FRIDAY: SF Indie Fest continues here with filmmaker Tara Wray revisiting the mom who threatened to kill her in Manhattan, Kansas 4:30 p.m. Indie drama — A Ripple in the World (Cho) 7 p.m. Indie drama — The Substance of Things Hoped For (Morgan) 9:30 p.m.

SATURDAY: Indie Fest — Cutting Edge noon. Polk Street hustlers seek a 25 Cent Preview (Amini) 2:15 p.m. Ecstasy revisited in Rolling (Saleebey) 4:30 p.m. In 2097, it's The Beach Party at the Threshold of Hell (Gillette and Wheatley) 7 p.m. Gross-out thy neighbors at Neighborhood Watch (Whifler) 9:30 p.m.

SUNDAY: Indie Fest — Pile into the Mojave Phone Booth (Putch) noon. A Ripple in the World 2:15 p.m. "Special (Creepy) Talents" (shorts) 4:30 p.m. Love meets technology LOL (Swanberg) 7 p.m. Who watches horror films? Ask S & Man (Petty) 9:30 p.m.

YERBA BUENA CENTER FOR THE ARTS
701 Mission (at Third Street, in Yerba Buena Gardens), 978-2787, www.YerbaBuenaArts.org. $8 save as noted.
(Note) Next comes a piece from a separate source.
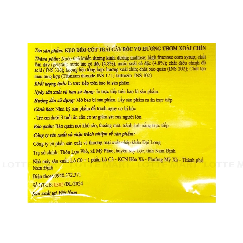 - Kẹo Xoài Chín Bóc Vỏ Đại Long Túi 300G là dòng kẹo dẻo với 2 lớp với lớp ngoài dai dai và lớp trong dẻo dẻo như thạch pudding.

This venue's Screening Room is a home for film and video programs of all sorts.

WEDNESDAY (Feb. 14): A documentary on anti-colonialist theorist Frantz Fanon: Black Skin, White Mask (Isaac Julien, 1996) 7:30 p.m.

THURSDAY (Feb. 15): "Lolita in Full Bloom," a series on 1980s Japanese teen heroines, screens Typhoon Club (Shinji Somao, 1985), "a Japanese Breakfast Club" 7:30 p.m.

SATURDAY (Feb. 17): Teen idol Satomi Kobayashi plays a teen boy trapped in a girl's body in Exchange Students (Nobuhiko Obayashi, 1982) 7:30 p.m.

SUNDAY (Feb. 18): S.F. Cinematheque presents "Oppositional and Stigmatized" a program of 1960s taboo-busters including Christmas on Earth (Barbara Rubin), Blow Job (Andy Warhol), Hermes Bird (James Broughton) and more 7:30 p.m.

FILM NOTES
A launch party for the San Francisco International Asian American Film Festival is this Thursday, Feb. 15, at 111 Minna Gallery, 111 Minna Street, San Francisco, from 8 p.m. to midnight. Three bands, live music, $5... Niles Essanay Silent Film Museum offers a Mid-Winter Comedy Festival this weekend, Feb. 16-18, with many great programs. See www.nilesfilmmuseum.org for the schedule... New York film maker Jem Cohen lectures at the San Francisco Art Institute, 800 Chestnut St., San Francisco, on Monday Feb. 19 at 7:30 p.m.